You bring up a major distinction in HE between the role of the researcher who has to teach and the teacher who has to research. Because of the very hit-and-miss nature of hiring an excellent researcher who may or may not have good andragogy skills and the rise of management of education, there has been a great proliferation of teacher quality programmes in the past decade. I would hope that the political pressures on expert researchers to at least review their teaching style would have led to many changing. However, researching expert researcher teaching style is problematic. I did find a Turkish phenomenological study that aimed to begin this research (Tunca et al., 2015). Of course, there are dozens of texts and studies designed to show university teachers without an education background ways into the Scholarship of Teaching and Learning. Richlin’s book is a typical and good example (Richlin, 2006).
Should researchers know how to teach? This wonderfully ethical question hits hard at the nature and structure of the research university. Anecdotally, we all know of researchers hired that have to do a few classes who seem to resent that imposition. Politically, removing them from their posts would be difficult as their prime mandate is research.
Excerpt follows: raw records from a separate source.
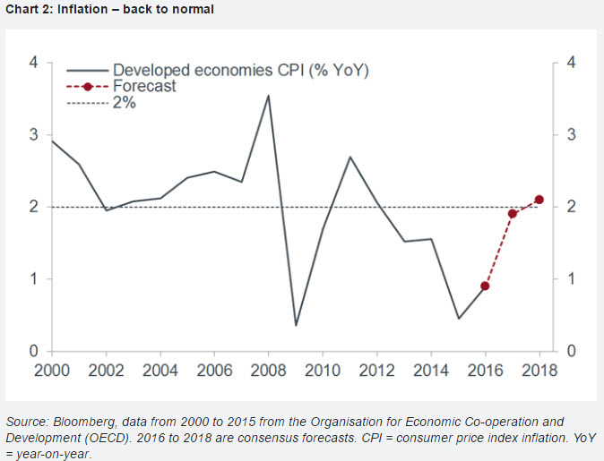 While the trend in global growth remains fairly steady, inflation in the major economies is making a v-shaped rebound. Consensus forecasts predict that inflation in the developed economies should reach 2% this year for the first time since 2012. A key reason for the improving outlook is the stabilisation of commodity prices, which have been depressing headline inflation (which includes food and energy) for the last couple of years. The return of inflation to more normal levels in 2017 will boost nominal growth (that unadjusted for inflation) and corporate earnings. It may also erode support for the ‘secular stagnation’ (prolonged slow growth) narrative that has been widely embraced of late. Furthermore, while underlying inflation remains subdued in the eurozone and Japan, wages and prices are recovering more broadly in the US, which means that any further inflation surprises there will probably put upwards pressure on interest rate expectations.
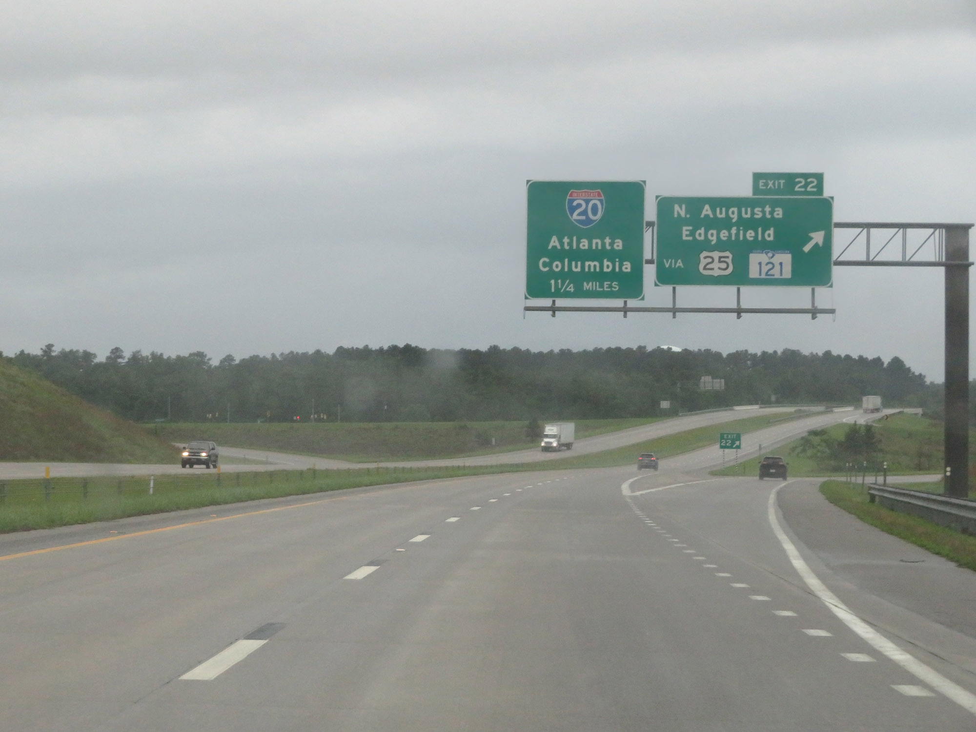 Interstate 520 East at Exit 22: SC 121 / To US 25 - North Augusta / Edgefield (Photo taken 5/25/18). |
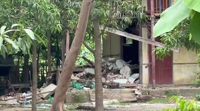 | ▲ 메이크틸라 평화도서관 학생의 가옥이 지진 피해를 받은 모습 |
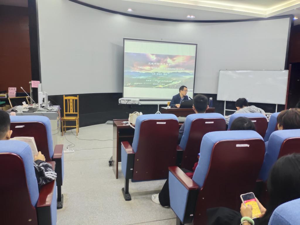 10月29日,为提升教师科研能力、增强学生专业认知水平,bwin必赢官网邀请桂林理工大学梁福兴教授于弘毅楼3-504为旅游管理专业师生作“三镜共谋•再造壮乡——天峨县纳洞村‘都阳蛙园’乡村文创旅游振兴路径研究”专题讲座。bwin必赢官网党委副书记龚丁海、旅游管理教研室主任王强以及部分师生代表参加讲座。
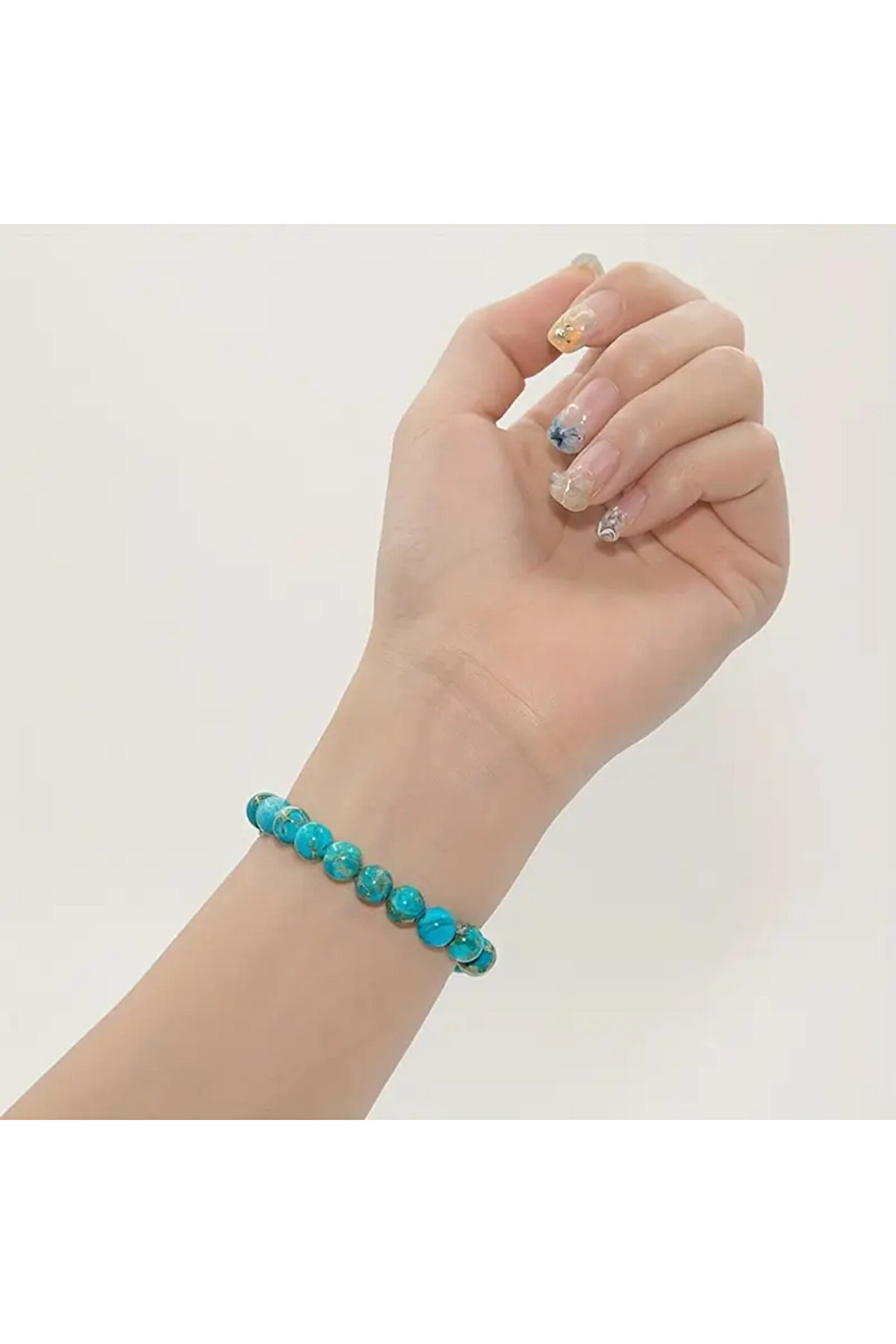 Siyah Damarlı Turkuaz Doğal Taş Bileklik – 8 mm

Equally, absolving them from all teaching responsibility would raise questions about the relationship the university has with its teaching responsibility.
I’ve no time to research the situation in the universities right now, but for compulsory education, Hattie’s (2009) meta-analysis shows dozens of studies that point to the teacher effect being one of the main factors that influence learning. His book ‘Visible Learning’ is fundamentally flawed but nevertheless remains one of the most important books in education. The accompanying website: http://visible-learning.org/ gives a good taster.
Hattie, J. (2009). Visible learning. A synthesis of meta-analyses in education. London: Routledge.
Richlin, L. (2006). Blueprint for learning. Sterling, Virginia: Stylus.
Tunca, N., Sahin, S. A., Oguz, A., & Guner, H. O. B. (2015). Qualities of ideal teacher educators. Turkish Online Journal of Qualitative Inquiry, 6(2), 122-148.